The problem was solved by asking fellow hacks to copy disc contents to a 4GB SDHC card I'd brought. But I'll need a slim USB CD/DVD reader next time.
Not that this is a problem likely to bug the average Eee PC user.

Asus' Eee PC: the weary hack's friend
But for taking notes during presentations, writing up stories, preparing pictures - I'd installed Windows XP so I could run Photoshop - and uploading it all to the Register Hardware servers, the Eee was almost perfect.
The screen didn't prove too small. With a 4GB SanDisk Extree III card installed permanently, I had plenty of room for data storage. The on-board Wi-Fi could pick up signals where a colleague's MacBook couldn't.

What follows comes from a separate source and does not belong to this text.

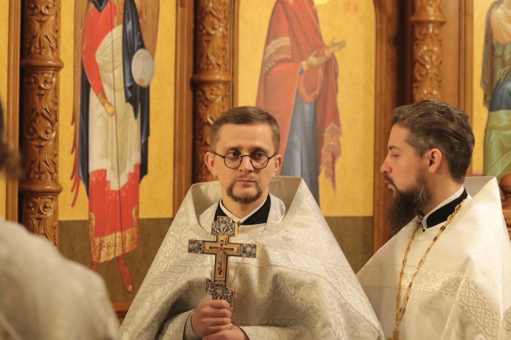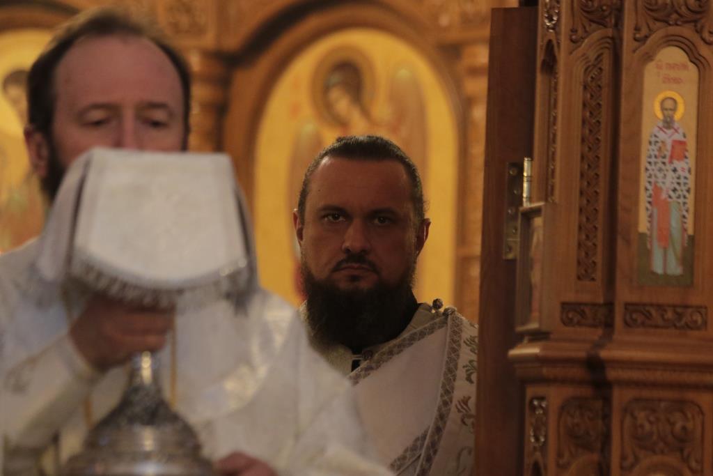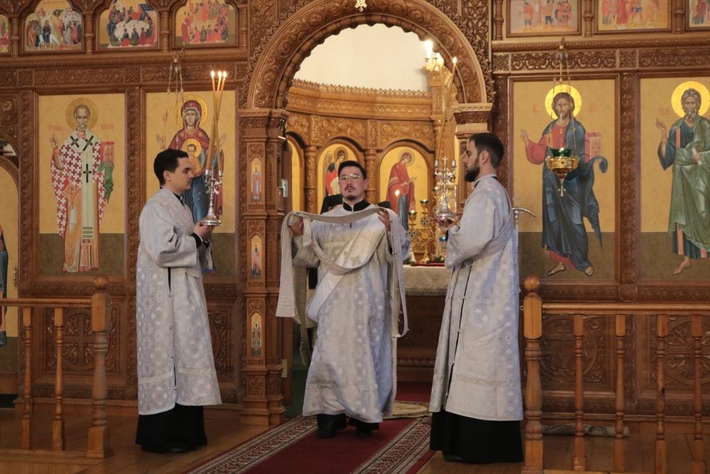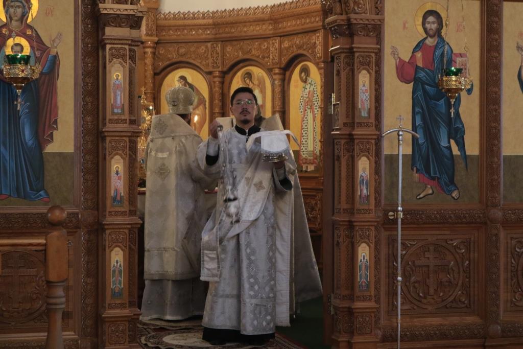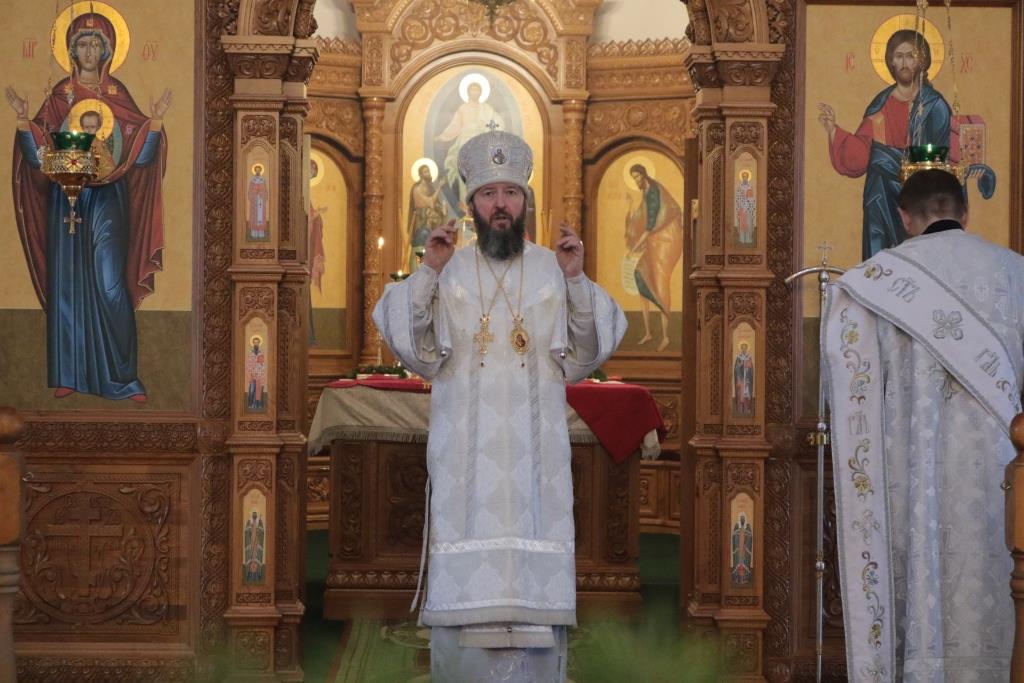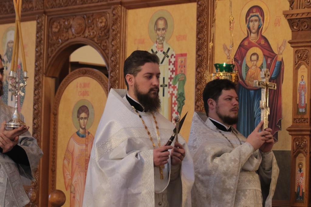 Его Преосвященству сослужили: ключарь Андреевского собора иеромонах Никодим (Авдеев), клирики собора иеромонах Силуан (Магилев), иерей Роман Подрезов, иерей Константин Дьяков, иеромонах Мефодий (Шевчук), секретарь епархии диакон Илия Кван, протодиакон Георгий Засыпкин и протодиакон Андрей Дудник.

But most of all it beat lugging around a weighty 15in notebook and all the paraphernalia that go with it. Hurrah, no backache this time.
My next show's probably going to be 3GSM, or Mobile World Congress as it's now called. There's no question, I'm taking the Eee along too.
COMMENTS
@Sorting Photos
You can install an addon, cleverly named Gimpshop, that makes the interface look like photoshop. If you play about with it for at most an hour you should know where most things are.
Sorting Photos
I haven't considered my eee-pc for sorting or checking photos yet, because the sport season hasn't started, but would it be able to handle a Photoshop-like thing?
I have Photoshop - and Photo Mechanic for Mac, but obviously this isn't much use on the Asus.
Isn't Gimp a nightmare for non techy types?
XP just for Photoshop?
So you're not commenting on the Eee with its native Linux then, because you've put XP on it instead?
Wouldn't it have been easier to put Gimp on than XP? I'm sure it wouldn't take you very long to learn how to do in Gimp the basic photo manipulation operations you presumably need to do as a journalist.
Doubts dealt with
I picked up my 4gb Black EEE PC while in the States this Christmas, and it's come and responded well to all my initial quibbles.
You're not going to use this thing to play Battlefield, or manipulate those 100's of large spreadsheets for work, but for browsing, note taking, email sending and photo manipulation before firing the whole lot off to a web server somewhere, it does the job brilliantly.
Previously I've been using my Vaio while at home on the sofa, and I couldn't see around the screen, let alone move away from a mains connection for long enough to read the instructions to cook a curry. The EEE doesn't block my TV viewing, and will sit on the kitchen counter well into the washing up (I don't think it's water proof however!)
It's interesting to hear that companies are using them at expos and events now. We do video streaming and score board controls for sports events, and my boss has already been eying up the EEE to run the myriad of software that we use. We're currently lumping shuttle-esk PC's and laptops around to run everything, and we're all getting back strain from carrying them around airports. If two or even three of these could do the same as a single mid-range laptop, then I can see it being a much more viable and flexible alternative to more conventional laptops.
I think as time goes by, all those tech-geeks will be showing these around the offices / work places and coding sheds of the world long enough for people to realize a practical use for the cheap, lo-cost and very portable hardware.
Have to agree.
I went to an educational ICT show in London yesterday and took my Eee Pc.
I have to agree that the size made it very easy to carry round, the quick start up time made it easier than keep hibinating it and wasting battery, and I picked up the countless wi-fi signals being used.
I did expect a few companies to be trying to sell the idea of Eee Pc's to schools, but what I did not expect was the amount of Eee Pc's being used on stands to control equipment or to demonstrate cameras, printers and other devices.
The way in which companies are jumping on this little gem only goes to prove that ASUS are already on to a winner and do not really need to be looking at changing to much. I have hacked mine slightly so that after starting in to simple mode I can switch it to full desktop mode. It would be nice to see this option as standard. Your normal average person has never seen Linux running and this would give them the chance a could be a very big boost to Linux.